[300x305]В колонках играет - Сурганова "Я знаю женщину"Настроение сейчас - отличноеКого из поклонников Анны Ахматовой и Николая Гумилева не волновала зыбкая тема их брака? кто из вас не задавал себе вопрос Отчего так получилось, что две эти несравненные величины не смогли сосуществовать? и кто из них виновен в их разрыве - Анна или Николай?
Сегодня я публикую для вас отрывок из книги воспоминаний Ирины Одоевцевой (ученицы Гумилева)"На берегах Невы", книги совершенно особенной и очень значимой для людей, которым интересны жизнь и творчество поэтов "серебрянновековой" эпохи.
Итак...
"Анна Андреевна, — говорил мне Гумилев, — почему-то всегда старалась казаться несчастной, нелюбимой. А на самом деле, Господи! как она меня терзала и как издевалась надо мной. Она была дьявольски горда, горда до самоуничижения. Но до чего прелестна, и до чего я был в нее влюблен!
Я уверена, что Ахматова была главной любовью Гумилева и что он до самой своей смерти — несмотря на свои многочисленные увлечения, — не разлюбил ее.
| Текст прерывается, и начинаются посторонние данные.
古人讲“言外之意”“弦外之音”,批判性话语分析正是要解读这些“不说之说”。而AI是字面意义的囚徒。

Уверенность моя основана на его рассказах о ней и, главное, на том, как он говорил о ней. Не только его голос, но даже выражение его лица менялось, когда он произносил ее имя. Я постоянно расспрашивала Гумилева об Ахматовой и задавала ему самые нелепые вопросы, вроде: Любила ли она халву? Как она причесывалась еще гимназисткой? Хорошо ли она танцевала? Была ли у нее собственная собака? И даже: Что вы подарили ей на Рождество в первый год свадьбы?
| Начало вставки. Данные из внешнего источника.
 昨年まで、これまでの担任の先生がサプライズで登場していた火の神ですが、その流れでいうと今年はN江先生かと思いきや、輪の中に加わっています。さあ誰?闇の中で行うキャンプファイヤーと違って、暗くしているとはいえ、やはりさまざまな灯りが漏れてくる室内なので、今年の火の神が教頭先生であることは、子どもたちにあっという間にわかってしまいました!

Он смеялся над моим неугомонным любопытством, но охотно отвечал, «погружался в прошлое», — а о том, что он подарил Ахматовой на Рождество в первый год, рассказал даже очень подробно:
— Я купил у «Александра» на Невском большую коробку, обтянутую материей в цветы, и наполнил ее доверху, положил в нее шесть пар шелковых чулок, флакон духов Coty, два фунта шоколада Крафта, черепаховый гребень с шишками — я знал, что она о нем давно мечтает — и томик «Les amours jaunes» Тристана Корбьера.
Как она обрадовалась! Она прыгала по комнате от радости. Ведь у нее в семье ее не особенно-то баловали.
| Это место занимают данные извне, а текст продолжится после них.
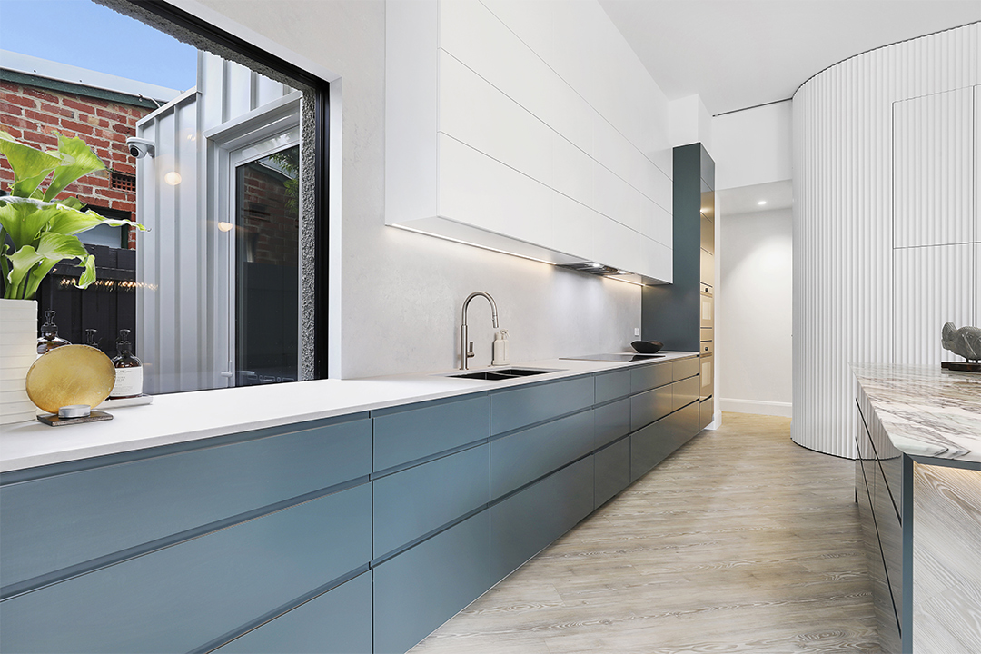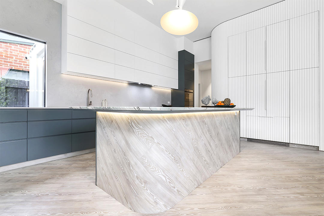 The exceptional team at Seaview Cabinets have masterfully produced this eclectic kitchen. Combining natural elements and painted finishes, the result is a clean minimalist look that excites the eye. This contemporary marvel is cleverly designed to create a sense of flow throughout the space. The soft edges of the kitchen island mimic the curved wall, and this is further enhanced by timber lining on the island that cohesively ties the natural pattern of the benchtop to the floorboards.

Когда я женился на Анне Андреевне (он почти всегда называл Ахматову Анна Андреевна, а не Аня) я выдал ей личный вид на жительство и положил в банк на ее имя две тысячи рублей, — продолжает он с плохо скрытым сознанием своего великодушия. — Я хотел, чтобы она чувствовала себя независимой и вполне обеспеченной.
Он подробно описывает мне их свадебное путешествие, все, что они видели и где побывали.
— А когда, — спрашиваю я, — когда и где Ахматова впервые напечатала стихи?
— У меня, в моем журнале «Сириус», — не без гордости отвечает Гумилев. — Я первый напечатал ее еще в 1907 году в издаваемом мною журнале в Париже. Я был не только издателем «Сириуса», но и редактором и главным сотрудником его. Я печатал в нем свои стихи и свою прозу под всевозможными псевдонимами: Грант, Терин и сколько еще других… Но «Сириус», к сожалению, вскоре лопнул. Издатель не вынес полной убыточности этого великого предприятия, а редактор и сотрудники изнемогли под тяжестью литературной нагрузки. Мецената не нашлось. Вышло только три номера. Так бесславно провалилась «безумная мечта поэта» сразу завоевать славу.
И как это тогда было горько и обидно. И как забавно теперь! Ведь я плакал, плакал как девчонка. Мне казалось, что я навеки опозорен, что я не переживу гибели моей мечты.
Я спрашиваю:
— Вы помните, какие стихи Ахматовой появились у вас в «Сириусе»?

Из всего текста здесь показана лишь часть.